*** STORED DATA Section Begins ***

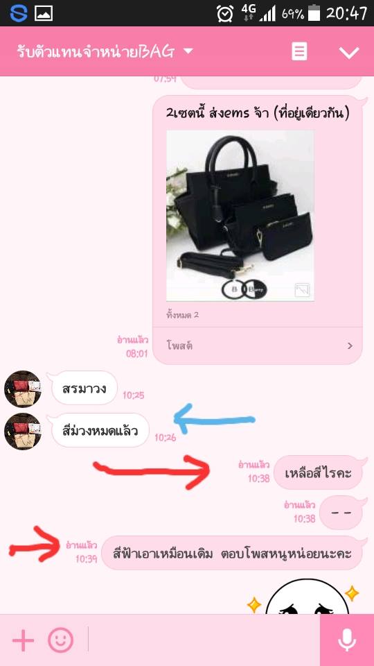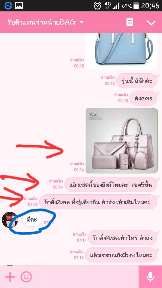 (รูปกระเป๋าเซตสีม่วง ที่เอตอบว่า "มีคะ" ก่อนหน้านี้) (ซึ้งตอนนั้นจขกท.ก็ตอบลูกค้าของตัวเองไปว่าสินค้ายังมีพร้อมส่ง ) ( แต่พอเอมาบอกว่าหมด จขกท.ก็งานเข้าสิคะ ต้องไปอธิบายลูกค้าอีกว่าสินค้าหมด เช็คสินค้าไม่ดี ทางร้านต้องขอโทษด้วย รับสินค้าเซตอื่นแทนไหม ลูกค้าก็น่ารักค่ะ เลือกเซตอื่นแทน )
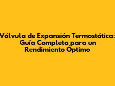 Válvula De Expansión Termostática: Guía Completa Para Un Rendimiento Óptimo
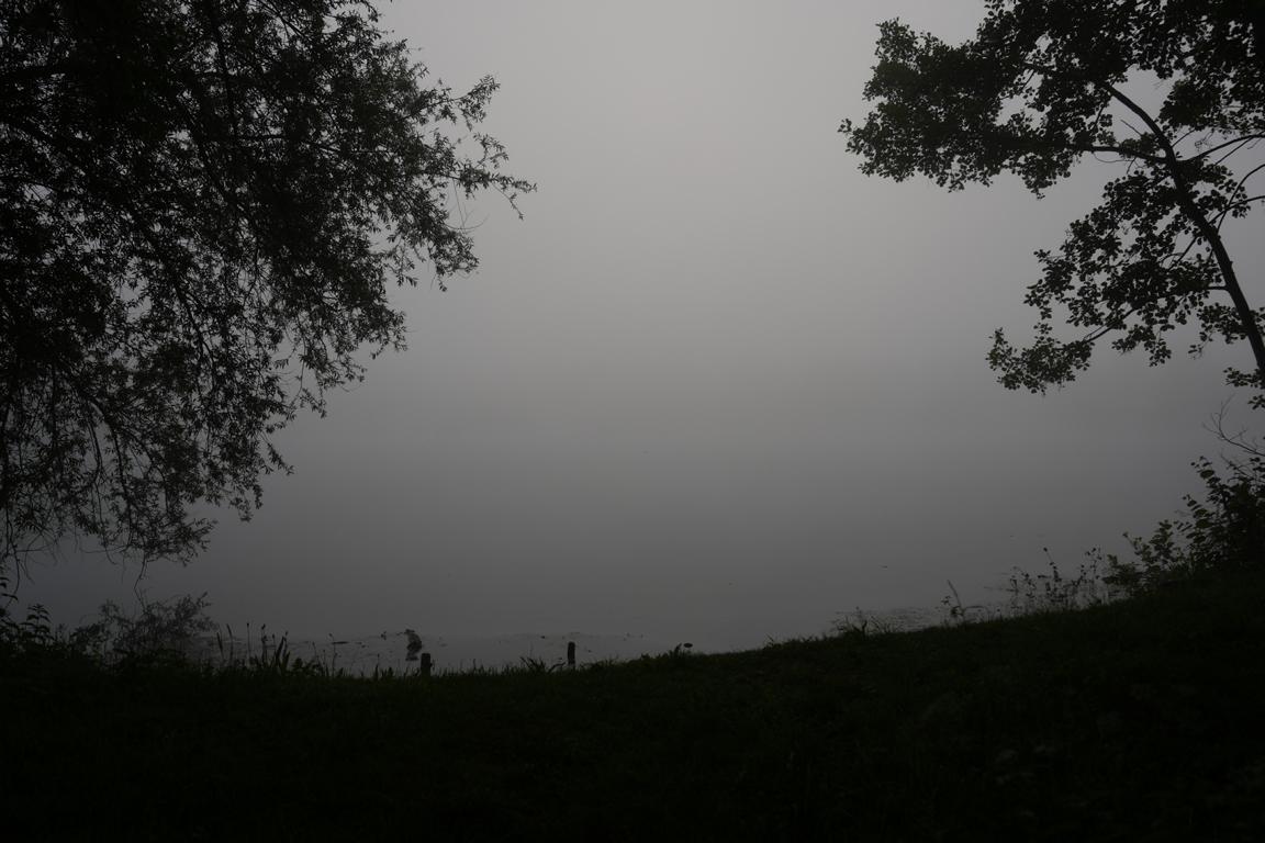 Dicke Nebelschwaden zogen im Morgengrauen auf, verschluckten das Licht der tiefstehenden Sonne und hüllten die Landschaft in eine beinahe gespenstische Stille. Vom Gröblinger See war nicht mehr viel zu erkennen.

*** STORED DATA Section Ends ***

- [ABOUT THIS EXERCISE]: The listing above must be repeated exactly. Its pictures are not part of the copy.

- [RESPONSE BELOW]:
 (รูปกระเป๋าเซตสีม่วง ที่เอตอบว่า "มีคะ" ก่อนหน้านี้) (ซึ้งตอนนั้นจขกท.ก็ตอบลูกค้าของตัวเองไปว่าสินค้ายังมีพร้อมส่ง ) ( แต่พอเอมาบอกว่าหมด จขกท.ก็งานเข้าสิคะ ต้องไปอธิบายลูกค้าอีกว่าสินค้าหมด เช็คสินค้าไม่ดี ทางร้านต้องขอโทษด้วย รับสินค้าเซตอื่นแทนไหม ลูกค้าก็น่ารักค่ะ เลือกเซตอื่นแทน )
 Válvula De Expansión Termostática: Guía Completa Para Un Rendimiento Óptimo
 Dicke Nebelschwaden zogen im Morgengrauen auf, verschluckten das Licht der tiefstehenden Sonne und hüllten die Landschaft in eine beinahe gespenstische Stille. Vom Gröblinger See war nicht mehr viel zu erkennen.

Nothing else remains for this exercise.